4 myths about air conditioning in a car, are they true?
According to data from the British Health Security Agency, the hottest years on record since 2002 have occurred, with temperatures set to rise above 40 degrees Celsius for the first time in 2022 and the number of heat-related deaths per year expected to triple by 2050.
Awareness of air conditioning
With extremely high temperatures already recorded in June 2023, motorists should be aware of the effects heat can have on their cars and on their bodies. Scientifically, temperatures can cause slower reaction times, with nausea, dizziness, headaches and fatigue commonly felt due to a rise in the body’s core temperature. The British Nutrition Foundation explains how a mere 2% drop in body weight in water can lead to impaired cognitive and physiological responses, with symptoms such as headaches or fatigue.
What can motorists do?
Lowering a car’s cabin temperature by using air conditioning will help reduce fatigue and improve concentration levels. By maintaining a stable and relatively low temperature in the car, drivers are less likely to sweat and dry out. Do you refuse to use air conditioning in the car because of higher fuel consumption? Or are you afraid that air conditioning has a negative effect on your health? We break down five common misconceptions about air conditioning in the car.
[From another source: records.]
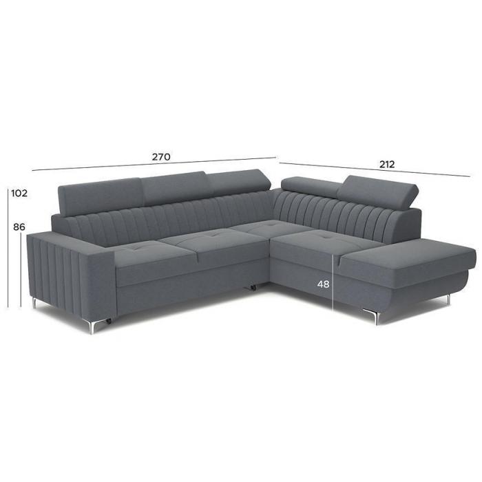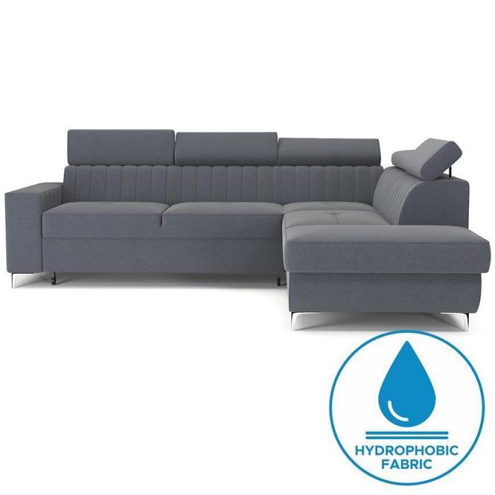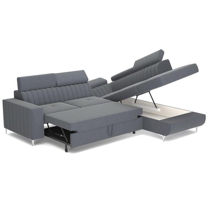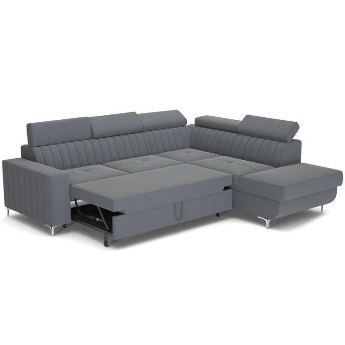 Narożnik z funkcją spania okazjonalnego z pewnością sprawdzi się nie tylko w pokoju dziennym, ale także innym pomieszczeniu - np. pokoju młodzieżowym czy sypialni. Ruchome zagłówki oraz lekko profilowane opieradło zapewnią wysoki komfort podczas wypoczynku.
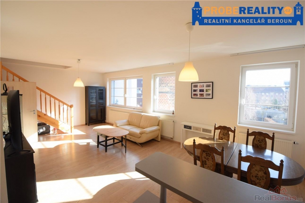 Nabízíme k prodeji dispozičně dobře řešený a slunný mezonetový byt 2+kk / T, 85 m2, nacházející se v 3 NP/3NP cihlového domu ul. V Zahradách Beroun. V prvním patře bytu, nalezneme prostorný obývací pokoj s kuchyní, jídelním koutem, chodbou a WC. V druhém patře se pak nachází velkorysá koupelna s rohovou vanou a WC, dále pak ložnice s přímým vstupem na terasu, ze které je krásný výhled na historické centrum města. Byt tak působí velice příjemným a útulným dojmem. K bytu náleží vlastní parkovací stání. Velice klidná a žádaná lokalita s dostatkem soukromí a zeleně. Veškerá občanská vybavenost v místě. Dobrá dostupnost do centra města a na dálnici D5.
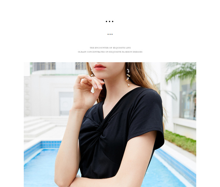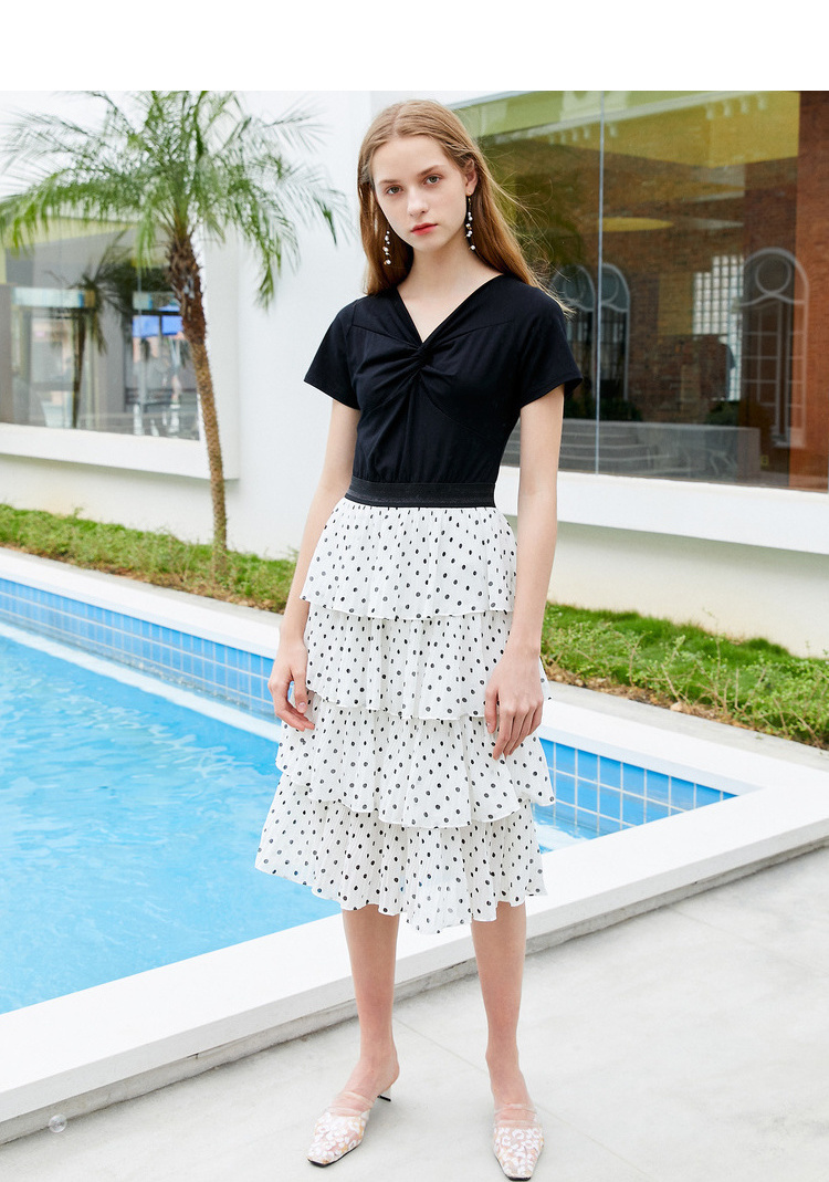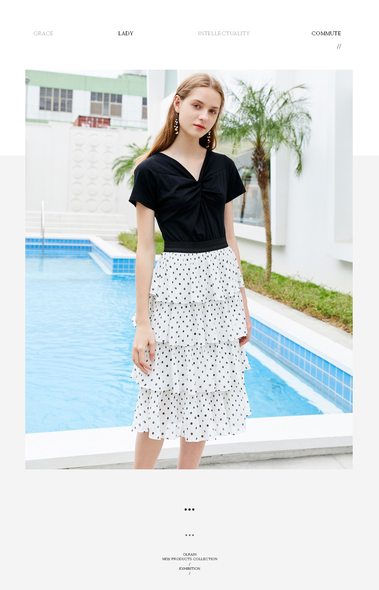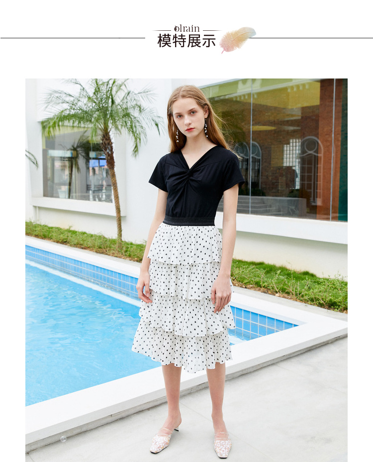 OLrain法式高级穿搭黑白波点短袖连衣裙女夏季2022气质显瘦裙
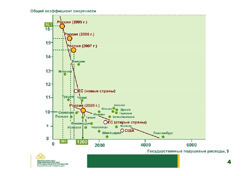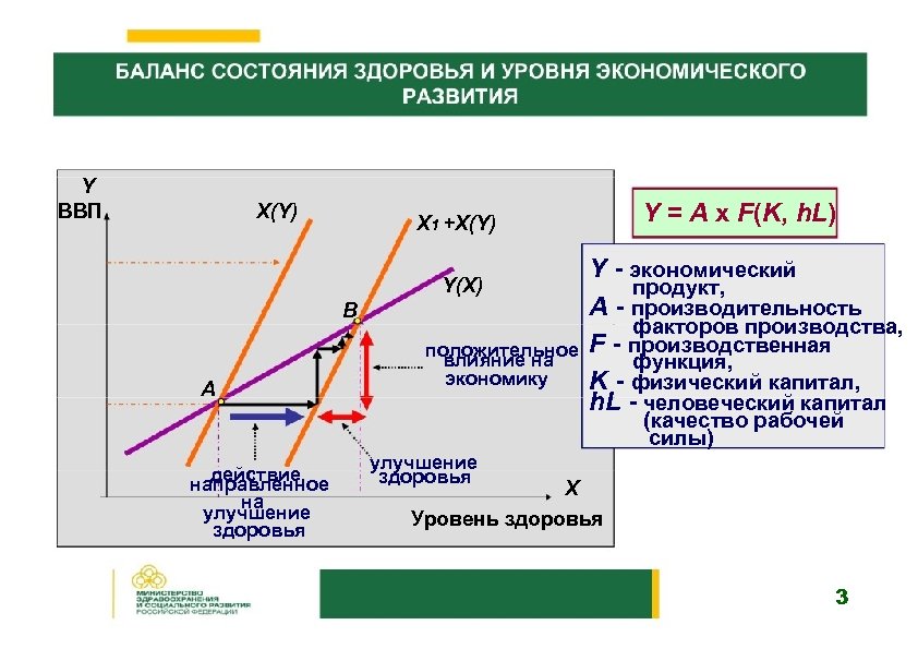 Y ВВП Х(Y) Y(Х) B А Y = A x F(K, h. L) Х 1 +Х(Y) положительное влияние на экономику Y - экономический продукт, А - производительность факторов производства, F - производственная функция, K - физический капитал, h. L - человеческий капитал (качество рабочей силы) действие, направленное на улучшение здоровья Х Уровень здоровья 3

Is this correct? Using air conditioning ruins fuel economy
It is true that using air conditioning in the car has an effect on fuel consumption in cars and energy use in battery-electric cars, but the impact is not as severe as people may think. Using air conditioning costs energy because the car uses a compressor to run the system, which requires energy from a combustion or electric motor. According to Energy Trust, you should expect a 5 percent increase in consumption when you turn on air conditioning. Other factors, such as underinflated tires, driving at higher speeds, a full trunk or a bike carrier/bakery attached to the car, has at least as much impact on consumption.
Is this correct? Air conditioning can be bad for your health
Turning on the normal air fan in a car to circulate air instead of turning on the air conditioning can have a negative effect on the system and possibly on the vehicle’s occupants. Air conditioning units dehumidify the air flowing through them, which in turn prevents the accumulation of moisture in the cabin and also in the air conditioning system itself. Not using the air conditioner for an extended period of time can lead to the growth of mold in the system, which can then circulate as soon as you turn it back on. Regular use, combined with proper maintenance, can prevent this. In addition, maintaining a constant and cool cabin temperature on a hot day can prevent drowsiness and improve driver concentration, and keep other passengers and pets comfortable and healthy.
Is this correct? Air conditioning doesn’t have to be on when it’s cool
As summer draws to a close, it is important not to just stop using air conditioning altogether, as there are a number of important benefits. Not only will it prevent the buildup of mold in the air conditioning system itself, but the dehumidifying effect of the air conditioning system will remain beneficial when occupants enter a vehicle with soggy or snow-covered clothing. Regular use of the air conditioning system has other benefits, namely, keeping the system in good physical condition. Air conditioning systems are sealed systems, with air conditioning compressors and seals lubricated with oil. Not turning on the A/C means no lubrication, which reduces the compressor’s efficiency and dries out the seals.
Is this correct? You may not turn on the air conditioning when you start the car
Modern car electronics are more resilient and can handle greater demand and stress compared to systems of classic cars. Thus, this myth kind of developed. With modern ignition systems, stop-start technology and electric vehicles, you don’t have to worry. So you can just turn on the A/C when you start the car.